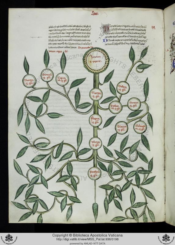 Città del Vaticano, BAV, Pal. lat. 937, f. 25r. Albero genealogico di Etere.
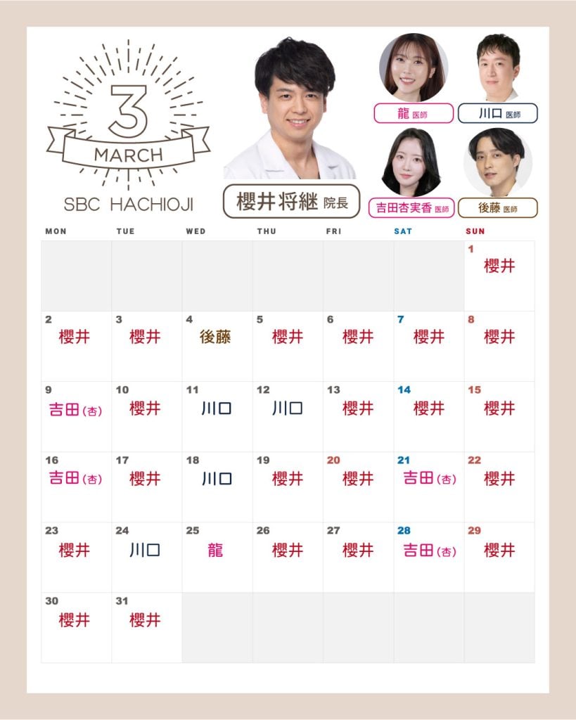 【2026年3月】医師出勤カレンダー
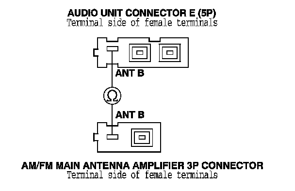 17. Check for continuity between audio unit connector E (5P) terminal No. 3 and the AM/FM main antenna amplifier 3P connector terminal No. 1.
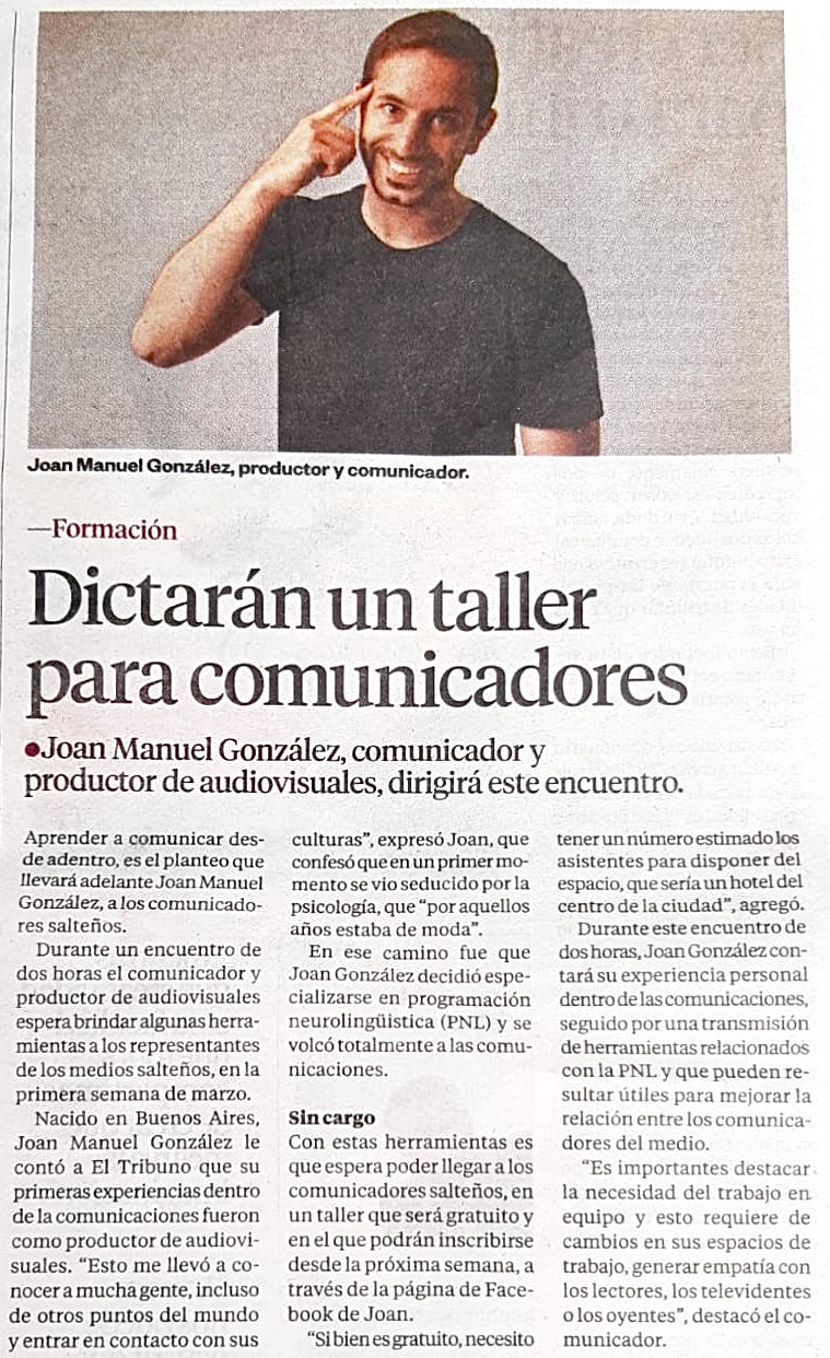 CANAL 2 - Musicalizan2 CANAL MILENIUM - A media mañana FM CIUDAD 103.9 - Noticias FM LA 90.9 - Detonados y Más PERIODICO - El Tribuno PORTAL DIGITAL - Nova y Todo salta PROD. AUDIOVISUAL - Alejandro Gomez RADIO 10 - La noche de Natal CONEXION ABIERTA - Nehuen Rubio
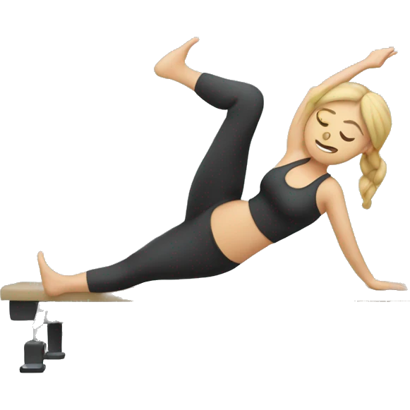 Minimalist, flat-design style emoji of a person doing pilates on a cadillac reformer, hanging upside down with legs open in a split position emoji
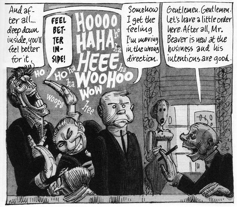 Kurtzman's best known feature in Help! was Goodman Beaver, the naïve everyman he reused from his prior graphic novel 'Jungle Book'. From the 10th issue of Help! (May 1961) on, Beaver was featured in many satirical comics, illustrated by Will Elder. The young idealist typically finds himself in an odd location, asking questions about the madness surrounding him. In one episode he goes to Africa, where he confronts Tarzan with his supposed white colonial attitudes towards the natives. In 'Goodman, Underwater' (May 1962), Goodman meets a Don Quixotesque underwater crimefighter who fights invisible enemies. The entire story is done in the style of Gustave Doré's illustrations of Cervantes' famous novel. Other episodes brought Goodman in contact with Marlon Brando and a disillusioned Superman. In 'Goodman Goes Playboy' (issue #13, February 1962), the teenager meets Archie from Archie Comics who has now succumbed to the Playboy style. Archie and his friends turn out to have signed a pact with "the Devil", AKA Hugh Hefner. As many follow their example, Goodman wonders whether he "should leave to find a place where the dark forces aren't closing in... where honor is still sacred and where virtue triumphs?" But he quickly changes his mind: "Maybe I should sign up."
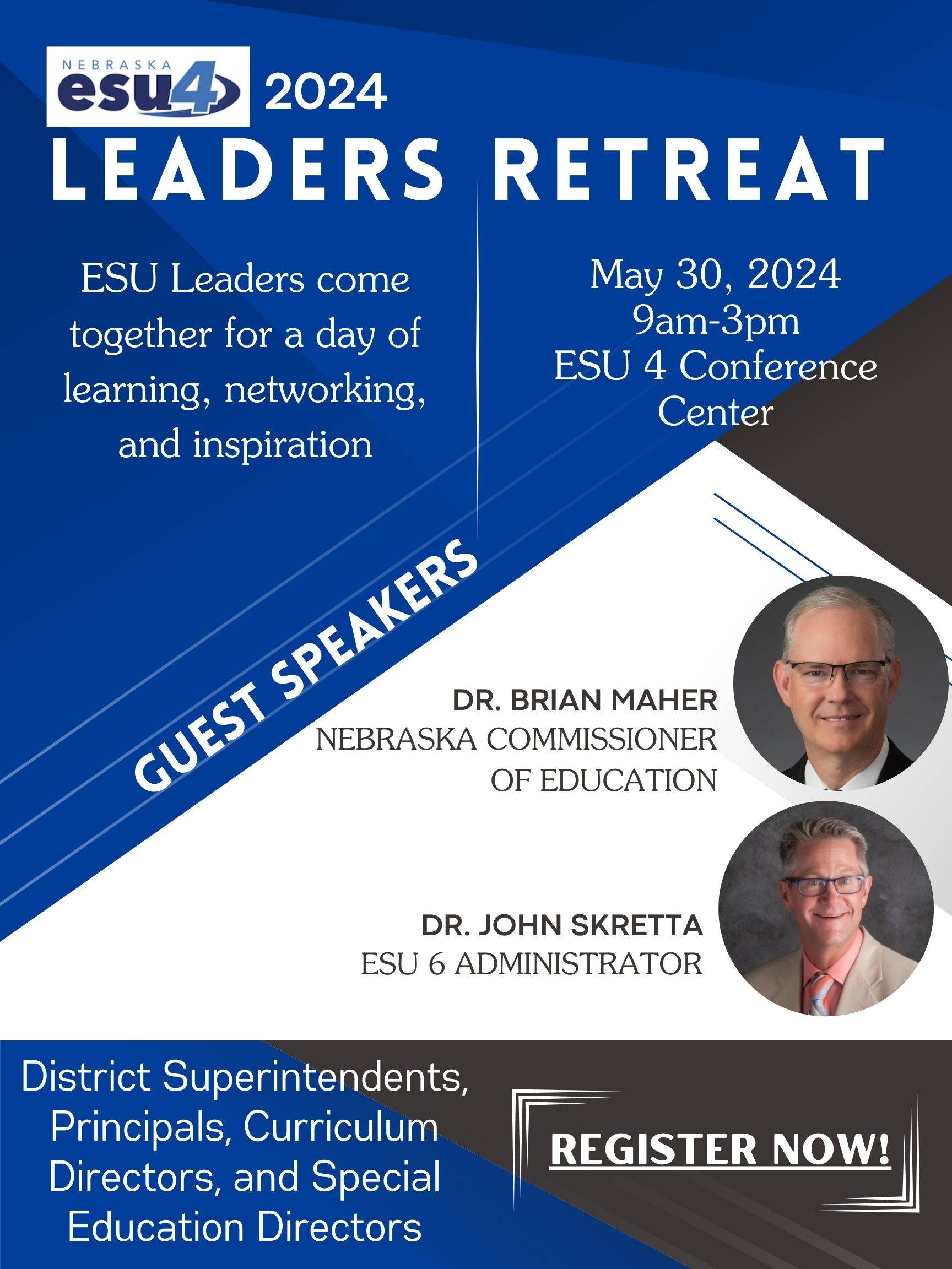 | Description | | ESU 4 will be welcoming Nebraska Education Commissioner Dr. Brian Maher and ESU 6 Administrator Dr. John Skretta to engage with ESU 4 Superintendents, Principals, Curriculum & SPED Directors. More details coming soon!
_ _ _ _
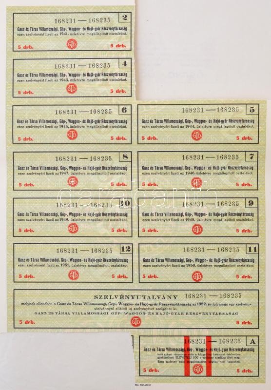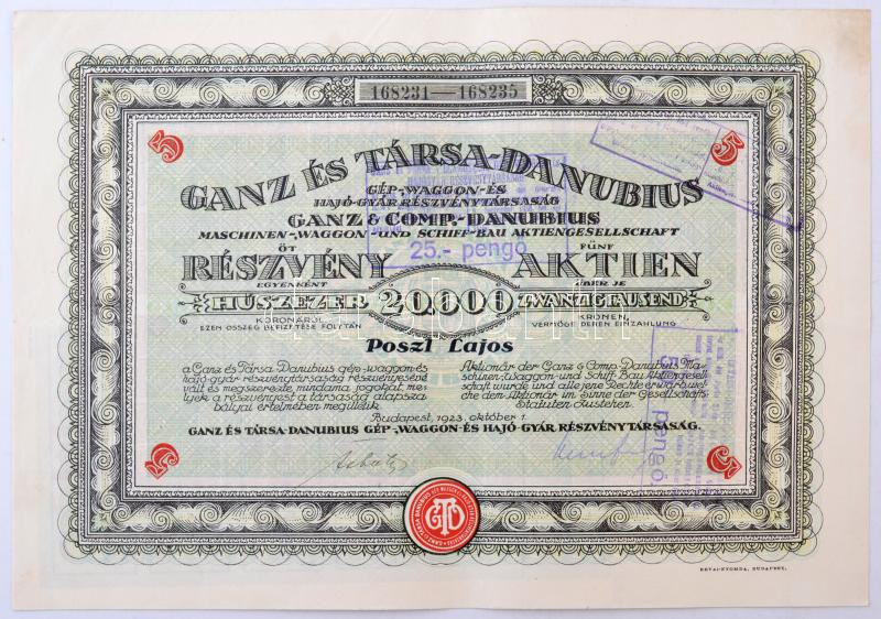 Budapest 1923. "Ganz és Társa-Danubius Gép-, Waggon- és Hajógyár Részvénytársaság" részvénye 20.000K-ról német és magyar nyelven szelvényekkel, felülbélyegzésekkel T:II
_ _ _ _
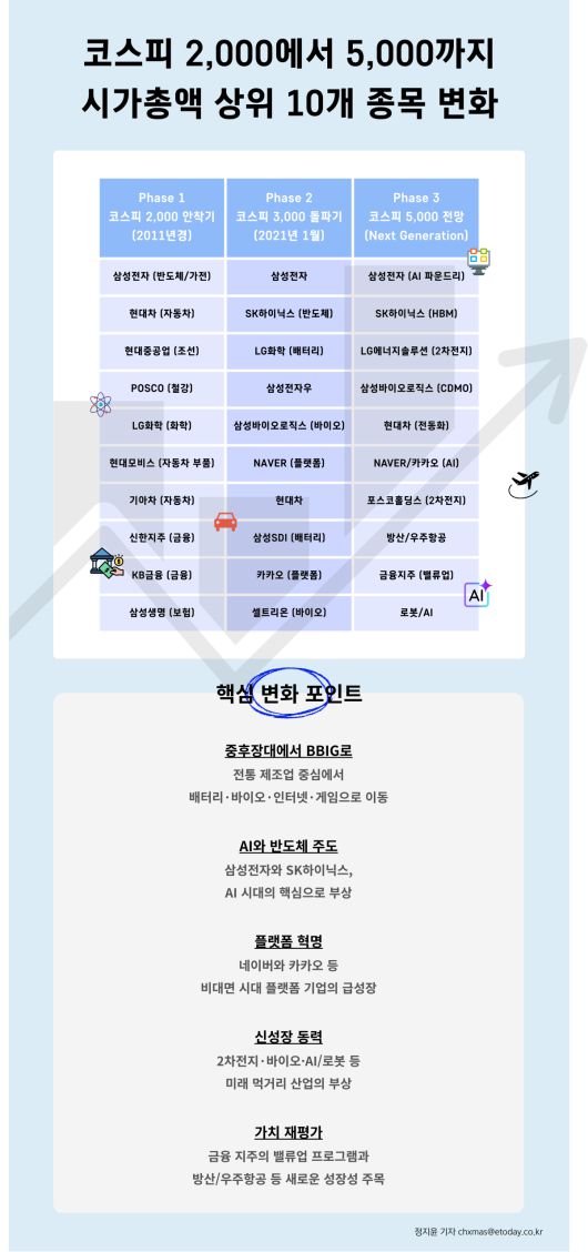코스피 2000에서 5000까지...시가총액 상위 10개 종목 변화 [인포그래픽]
_ _ _ _
Work required: Print the line above containing "Città del Vaticano, BAV, Pal.", the line containing "17. Check for", and everything between them, exactly as written. Pictures stay out.

The completed task:
 Città del Vaticano, BAV, Pal. lat. 937, f. 25r. Albero genealogico di Etere.
 【2026年3月】医師出勤カレンダー
 17. Check for continuity between audio unit connector E (5P) terminal No. 3 and the AM/FM main antenna amplifier 3P connector terminal No. 1.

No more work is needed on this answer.